Pa was out working in the fields. The ground was choked with dry, dead grass. Pa had to plow up all that dead grass before he could plant his crops.

Laura and her big sister, Mary, were in the log cabin helping Ma make dinner. Baby Carrie was playing on the floor in the sunshine. Suddenly the sunshine went away.

Ma looked out the window.

"I do believe it is going to storm," she said.

Laura looked, too. Huge black clouds were rising up from the south and covering the sun.

Pet and Patty, Pa's horses, came running in from the field. They pulled the heavy plow behind them. Pa hung on to the plow with all his might, bounding in great leaps to keep up with the horses.

"Prairie fire!" he shouted.

Laura swallowed hard. Fire!

Pa was still shouting. "Get the tub full of water! Putsacks in it! Hurry!"

Ma ran to the well, and Laura dragged the washtub over. Pa hurried to put the cow and calf into the stable. He came out with an armful of old sacks and flung them on the ground.

Laura snatched up the sacks and took them to Ma at the well. Ma was pulling up buckets of water as fast as she could. The sky was black now. It was as dark as night.

Pa ran back to the plow. He shouted at Pet and Patty to make them hurry. He wanted to plow a ditch around the house. If the ditch was wide enough, the fire wouldn't be able to jump over it and reach the house.

But there wasn't enough time. Pa plowed a long furrow around three sides of the house. Then he tied Pet and Patty to the far corner.

"I couldn't plow but one furrow," he panted. "Hurry, Caroline. That fire's coming faster than a horse can run."

The tub was almost full of water. Laura helped Ma push the sacks under the water to soak them.

Rabbits were leaping past them as if they weren't even there. One big rabbit jumped right over the washtub.
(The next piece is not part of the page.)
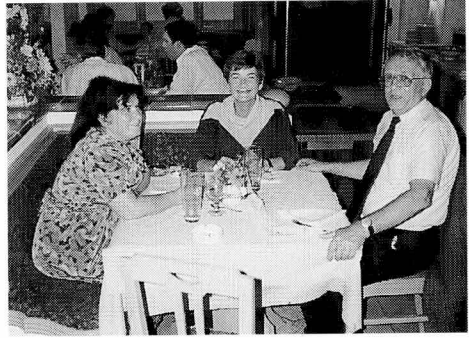
Teilnehmer/innen aus Polen.

Die ideelle Bedingungsebene ist gekennzeichnet durch ein manichäisches Weltbild im einzelnen das heißt, zumindest in dieser Vorstellungswelt gibt es die strikte Teilung der Welt in Schwarz und Weiß sowie in Gut und Böse. Das hat zur Folge, daß immer wieder Feindbilder verschiedenster Art aufgebaut werden. Man ist selbst der Gute, die anderen sind die Bösen und werden somit abgewertet und entrechtet. Damit sinkt die Schwelle, die den Menschen daran hindert, gegenüber anderen Gewalt anzuwenden. Ein zweites Element dieser ideellen Ebene ist so zu deuten, daß es innerhalb der Gesellschaften zwei Formen des Denkens gibt: einerseits ein intellektuell-rationales und andererseits ein intuitiv-emotionales ; wobei das erste problemorientiert arbeitet, während das zweite eher schlichtere Lösungen sucht und weiter verbreitet ist. In der Mehrheit der Bevölkerung entsteht häufig ein Ohnmachtsgefühl gegenüber den realen Entwicklungen, welche die derzeitige politische und

Ma told Laura to stay by the house. Pa and Ma lifted the heavy tub and carried it to the furrow Pa had plowed.

From the house Laura could see the red fire coming under billows of smoke. More rabbits went bounding by. They paid no attention to Jack, the bulldog. Jack didn't even try to chase them. He just crowded close to Laura and whined.

The wind was rising. The smoke blew closer. Thousands of birds flew ahead of the fire. Thousands of rabbits were running. All the prairie animals were trying to get away from the fire.
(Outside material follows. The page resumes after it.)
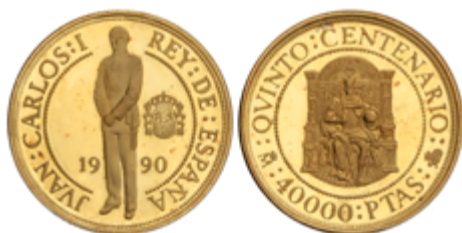
375 650 €

Pa was going along the furrow he had plowed, setting fire to the grass on the other side. He was making a little fire to keep the big fire away from the house. Ma followed him- with a wet sack. She beat at the flames that tried to cross the furrow.

Soon Pa's little fire was all around the house. He helped Ma fight it with wet sacks. They mustn't let any of those little flames jump over the ditch to the house side. Whenever a flame got across the furrow, Pa and Ma stamped on it with their feet. They ran back and forth in the smoke, fighting the fire.
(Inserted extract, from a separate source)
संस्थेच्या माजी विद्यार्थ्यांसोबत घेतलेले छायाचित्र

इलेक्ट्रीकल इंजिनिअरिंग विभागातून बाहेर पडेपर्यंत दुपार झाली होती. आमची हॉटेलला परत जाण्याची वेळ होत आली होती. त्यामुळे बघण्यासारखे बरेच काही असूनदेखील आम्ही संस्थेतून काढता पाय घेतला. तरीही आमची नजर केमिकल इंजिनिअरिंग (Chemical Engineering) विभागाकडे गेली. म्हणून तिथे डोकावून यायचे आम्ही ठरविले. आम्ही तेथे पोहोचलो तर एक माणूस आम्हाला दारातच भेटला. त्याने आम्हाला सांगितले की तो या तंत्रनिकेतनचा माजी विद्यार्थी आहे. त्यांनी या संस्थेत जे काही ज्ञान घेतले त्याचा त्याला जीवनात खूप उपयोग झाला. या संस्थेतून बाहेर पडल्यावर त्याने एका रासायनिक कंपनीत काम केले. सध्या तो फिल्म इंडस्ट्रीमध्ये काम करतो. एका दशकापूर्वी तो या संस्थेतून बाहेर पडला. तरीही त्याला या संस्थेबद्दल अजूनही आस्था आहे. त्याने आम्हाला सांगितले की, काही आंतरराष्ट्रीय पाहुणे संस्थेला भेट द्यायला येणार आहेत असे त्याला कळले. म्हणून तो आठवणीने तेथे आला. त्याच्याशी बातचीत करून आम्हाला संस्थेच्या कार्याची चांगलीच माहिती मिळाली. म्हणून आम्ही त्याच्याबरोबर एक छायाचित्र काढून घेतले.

The big prairie fire was roaring closer. Huge flames flared and twisted high. The rolling black smoke clouds glowed red above the wall of fire. The flames were moving across the prairie, right toward the house.

Laura and Mary stood against the house and trembled. Baby Carrie was inside. Laura wanted to do something, but there was nothing to do. Her eyes stung from the smoke.

Jack howled. The horses squealed with fright. They jerked and pulled at their ropes. Firelight flickered over the grass and the house and the horses.

Pa's little fire had made a burned black strip. Slowly the little fire crawled to meet the racing big fire. And suddenly the big fire swallowed the little one.

The wind rose to a high, rushing wail. Flames climbed into the crackling air. Fire was all around the house.

Then it was over.

The fire went roaring past the house and away across the prairie. There were little flames here and there in the yard. But Ma and Pa beat them out with wet sacks.

When all the flames were out, Ma came to the house to wash her hands. She was streaked with smoke and sweat. But she said there was nothing to worry about now.

"The little fire saved us," she said. "All's well that ends well."

The air smelled scorched. As far as Laura could see, the prairie was burned and black. Ashes blew on the wind. Smoke rose from the scorched grasses. Everything felt different.

But Pa and Ma were cheerful. The fire was gone, and it had not done them any harm. It had not missed them by much, Pa said, but a miss was as good as a mile.